Distributed adaptive event-triggered control for general linear singular multi-agent systems

1.   Introduction

The consensus control is one of the most basic distributed coordination control problems in multi-agent networks. In the past decade, the study of consensus in multi-agent systems has attracted considerable attention from a great many scholars. It is mainly due to the potential applications of multi-agent systems in various fields, such as physics, biology, control theory, and engineering, etc. ^[1,2,3,4]. The leaderless consensus problem and the leader-following consensus problem are the research basis of consensus.
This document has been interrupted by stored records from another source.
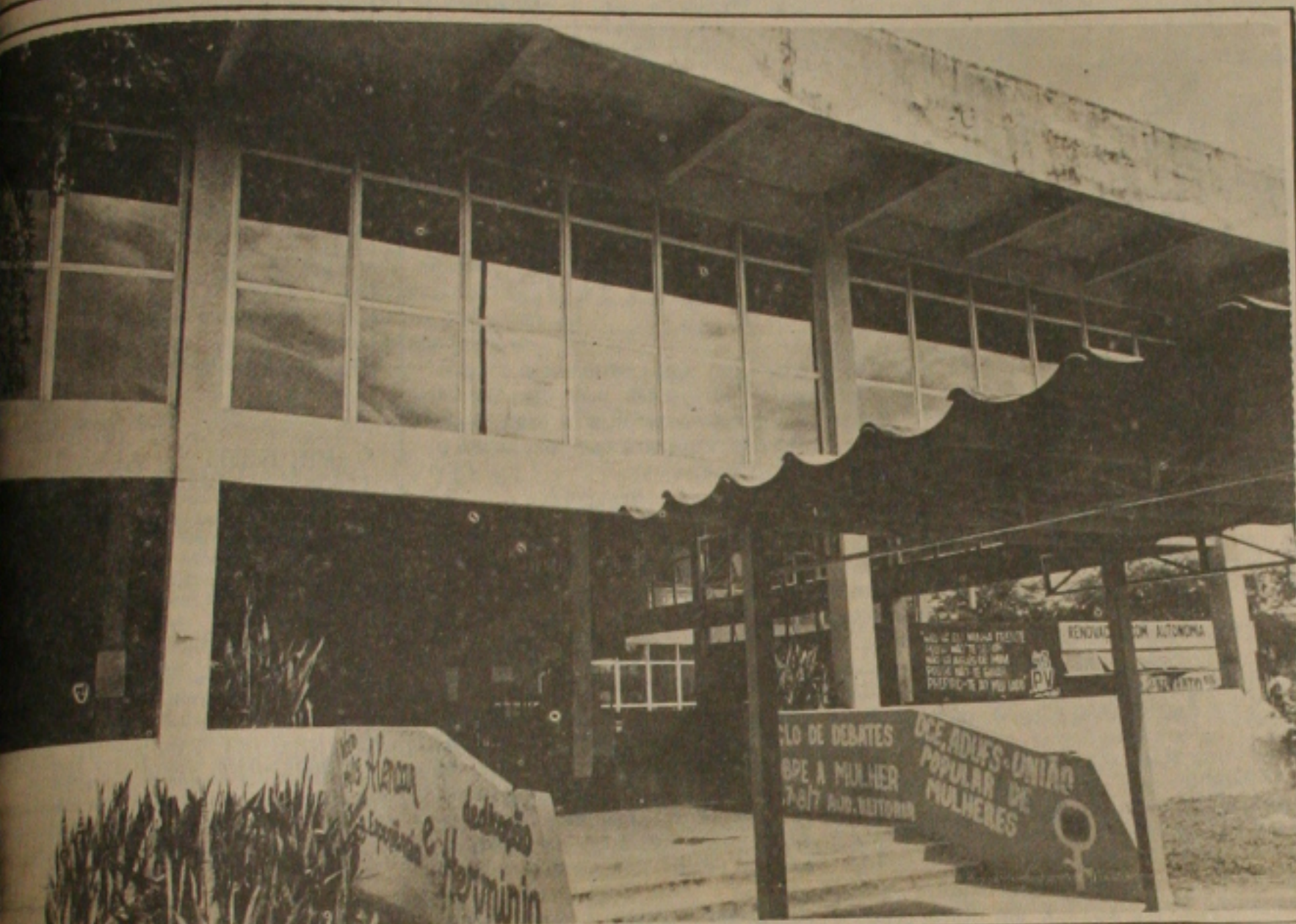
UFS mergulhada na pior crise de sua história. O Colégio de Aplicação também sofre com a crise enfrentada pela UFS.

Os problemas enfrentados atualmente na Universidade Federal de Sergipe são tantos que a própria comunidade universitária sente dificuldade em citá-los. As dificuldades já são notadas logo na sala de aula onde os quadros negros não oferecem condições, as carteiras estão sempre quebradas e quando chove não há como continuar a aula seja por causa do barulho da chuva que cai sobre o telhado de zinco ou mesmo pelas rachaduras que provocam as gotículas inundando o ambiente.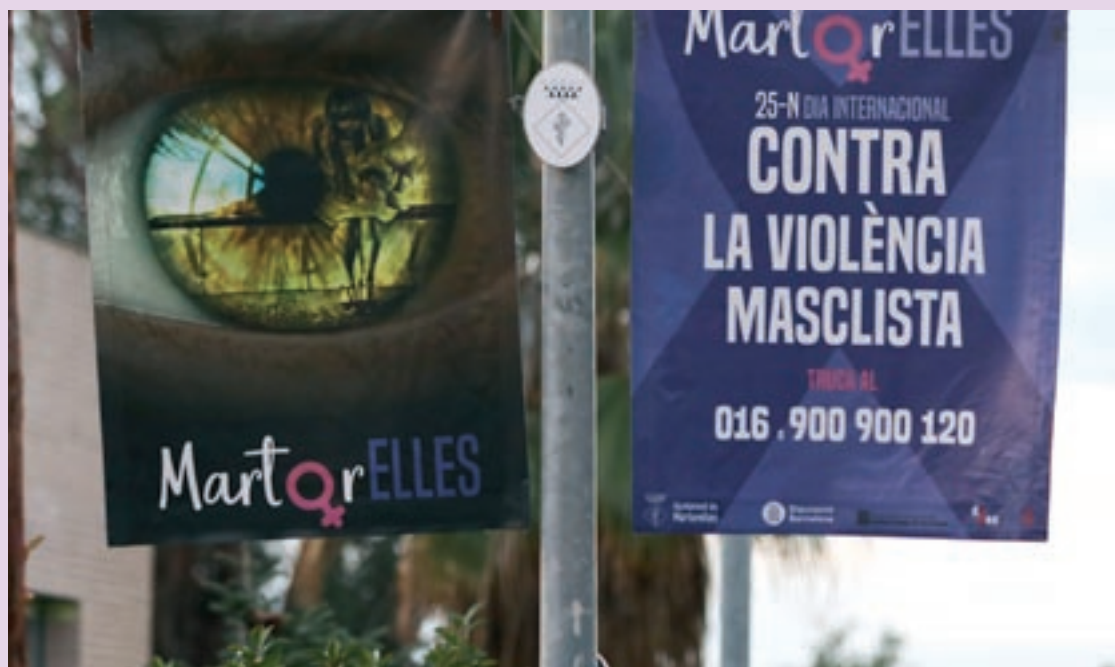
Unes banderoles recorden la celebració del 25 als carrers de Martorelles

Dins de la programació amb motiu del 25-N, l'Ajuntament de Martorelles ha fet difusió de la campanya del col·lectiu Flora Tristan feta a partir de l'estudi publicat l'any 2019 pel Ministeri de Presidència, Relacions amb les Corts i Igualtat El impacto de la violencia de género en España: una valoración de sus costes en 2016 . Segons aquest estudi, el cost mitjà de la violència contra les dones seria de 28 euros per habitant i any, d'acord amb els càlculs més conservadors. Extrapolant les dades, a Martorelles, el cost mitjà de les violències masclistes és de 132.507 euros. Un cop analitzades les dades, es poden estimar els guanys potencials que es derivarien d'aconseguir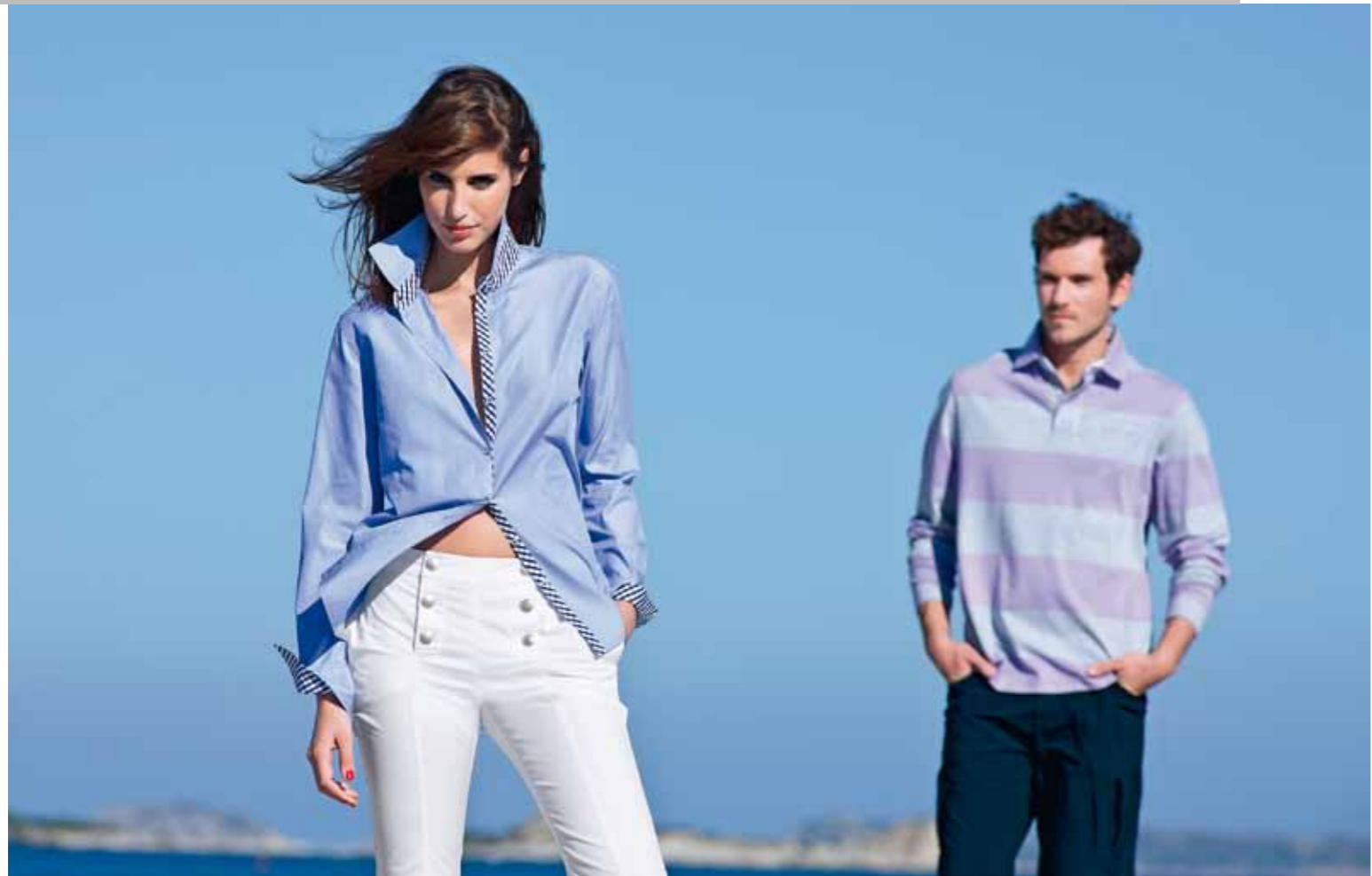
Chemisier ANNA · Pantalon CORSICA // Polo NEPTUNE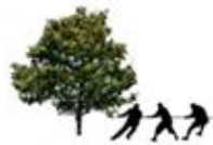
5 - 6 Aktivitetssteder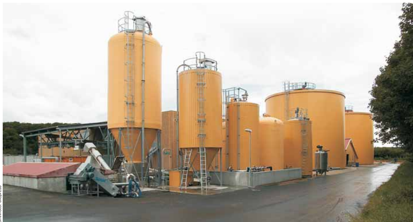
Forsøg på Overgård Gods har vist, at produktionen af biogas kan øges med 20 – 25 procent. Forsøgene, der bliver afsluttet i løbet af efteråret, er støttet af Fødevaredirektoratet.

– Vores forsøg har vist, at vi kan afgasse halm på 6 – 7 dage, fortæller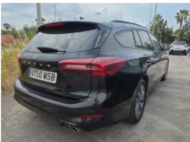
Immagine - 4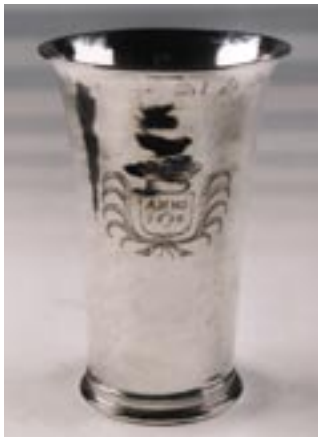
Abendmahlsbecher der evangelisch-reformierten Gemeinde Grootegaste (Ostfriesland)

Zwingli las hier anders. Brot bleibt Brot und Wein bleibt Wein. Aber beides verweist auf das Kreuzesgeschehen, in dem Jesus Christus für das Heil der Welt starb. Calvin hat später betonen können, dass das Abendmahl uns vor Augen führt und schmecken lässt, was uns zugute am Kreuz geschehen ist.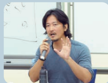
◆紀里谷和明氏ホームページ www.kiriyama.com

「人とコミュニケーションがとれない人間は、良いものは作れない」とお話頂き、生きていくうえで人とのコミュニケーションは不可欠なものだと強く感じる事ができました。同じものづくりの仕事をしている私も、アイデアや発想を大事にしていけるよう日々心がけていきたいと思えます。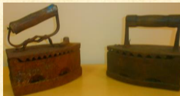
Утюги , нагревающиеся с помощью раскаленных углей. Металл. Подарок от Кравченко Л.И.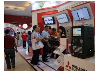
三菱CNC展示コーナー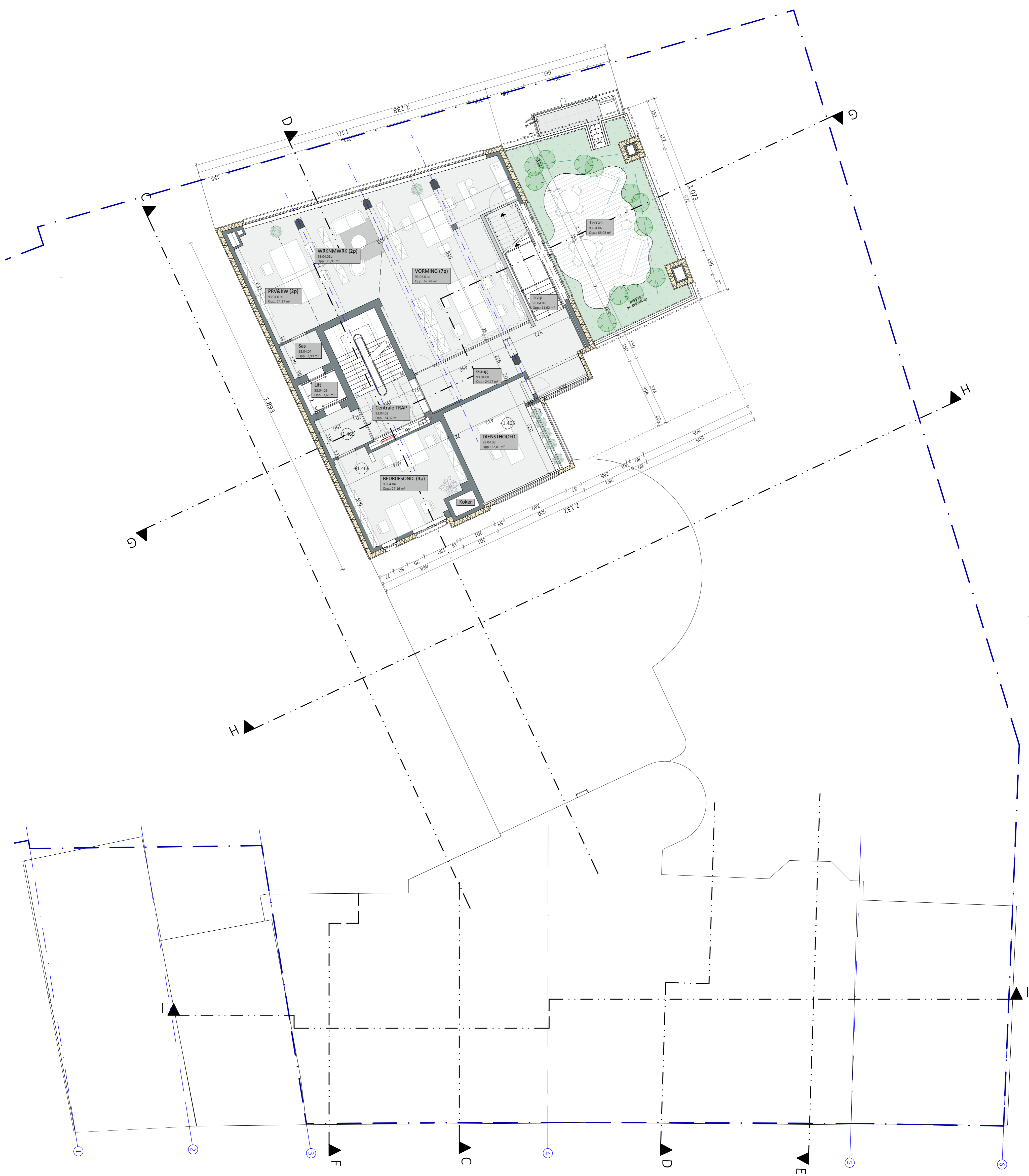
04_Verdieping 04 1:100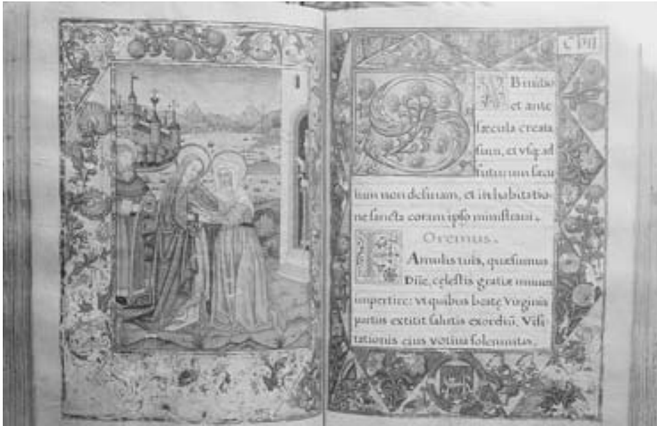
FIG. 1. Visitación , fols. 106 vto. y 107 recto del Diurnal del Monasterio de Guadalupe.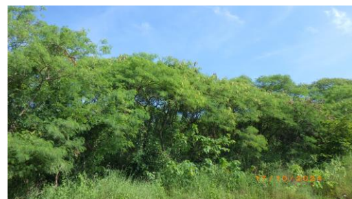
รูปที่ 2-6 การปลูกต้นไม้ทรงสูงตามแนวเส้นทางขนส่งแร่ บริเวณพื้นที่โครงการ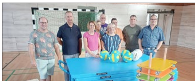
Text und Foto: Reiner Schmalzl

Sport- und Spielgeräte im Gesamtwert von mehr als 10.000 Euro haben die beiden Fördervereine der Thüringer Gemeinschaftsschule in Heyerode den Mädchen und Jungen für Sport und Freizeit in der Turnhalle und im Hort zur Verfügung gestellt. Vor der Neuwahl der Fördervereine haben die bisherigen Vereinsvertreter die neuen Sport- und Spielgeräte symbolisch übergeben.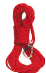
STATIC LANYARD 25 M CARBON HARNESS EYE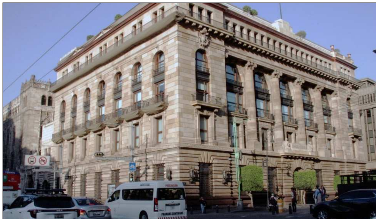
▲ En el análisis del banco -concentrado en productos afectados directamente- los ajustes de precios ocurrieron una sola vez.

Así lo documentó el banco central en su Informe Trimestral enero-marzo 2026, publicado el miércoles, en el que también señala que los incrementos en precios fueron congruentes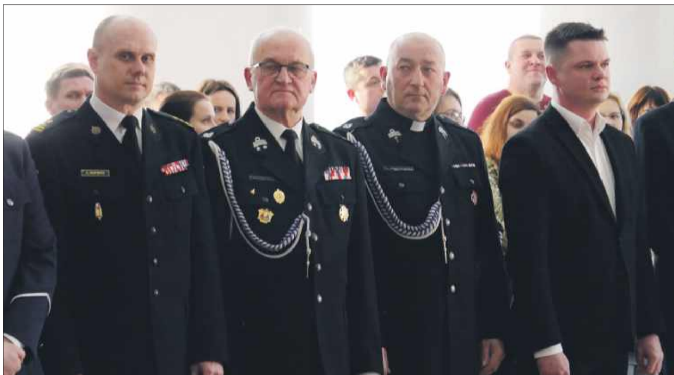
Starsi stażem z dumą patrzyli na nowe pokolenie strażaków.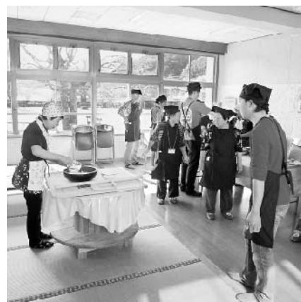
先生のそばの打ち方を真剣に見る参加者。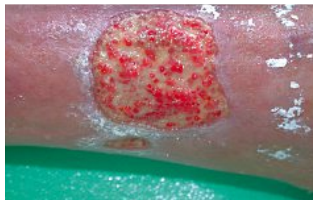
Photo 1. – Début de traitement, JO (Patient A)

Par ailleurs, les ulcères présentent à l'inclusion, un caractère douloureux modéré à important dans 37 % des cas.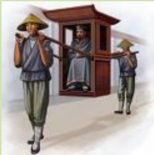
Чиновник в паланкинге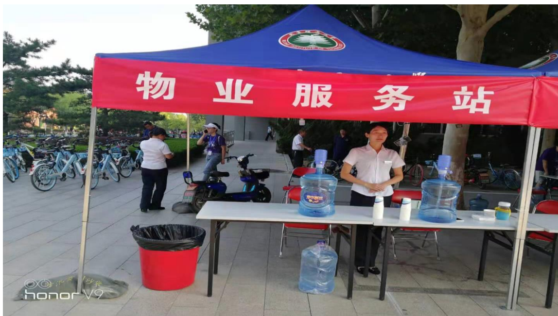
综合管理部迎新现场服务保障

2019 年 9 月 3 日迎新当天，物业综合管理部进行现场服务保障，为广大新生及家长提供饮用水及报道指引工作。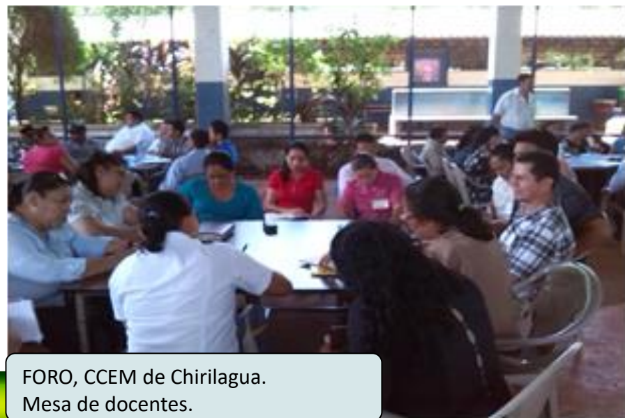
FORO, CCEM de Chirilagua. Mesa de docentes.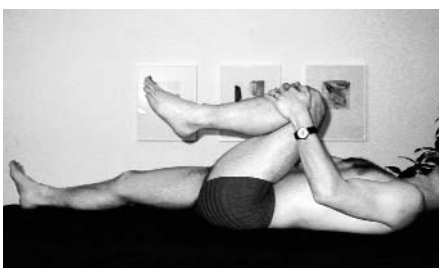
Abb. 17: Basisbewegung 3 Rückenlage, max. Hüftflexion, unilateral, verbesserte Flexion, li.

Die Muskelfunktionskette der Beuger entspannt sich und die Abduktion der rechten Schulter mit Lordosierung der LWS ist möglich (Abb. 18).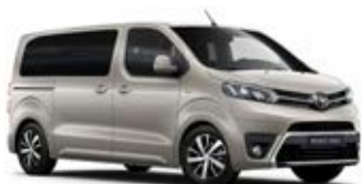
NEU Běžová – sametová* metalický lak 15 000 Kč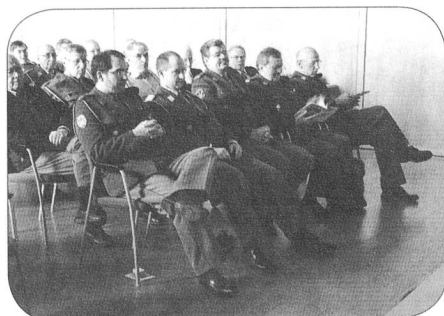
Des participants attentifs

Bereits erfolgte Anmeldungen wurden wei-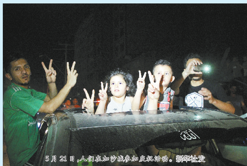
5月21日,人们在加沙地带参加庆祝活动。

以色列总理办公室20日晚发表声明说,以色列在近期对加沙地带的军事行动中取得了“巨大成就”。以安全内阁当晚一致同意接受埃及斡旋的停火协议。但声明未提及停火协议生效时间。

Their purpose is to design a suitable controller so that a group of agents reach agreement on a quantity of particular interest ^[5]. In practical applications, the distributed control protocol can greatly reduce the cost of information transmission and centralized control because the controller designed for each agent only relates to available information of its neighbors. In recent decades, some remarkable achievements have been made based on distributed consensus control for different systems, such as first-order/second-order continuous multi-agent system ^[6,7,8], general linear continuous multi-agent system ^[9,10,11], discrete-time multi-agent system ^[12,13,14], heterogeneous linear multi-agent system ^[15,16], and so on. It is worth noting that there are few results of singular multi-agent systems in the existing literature.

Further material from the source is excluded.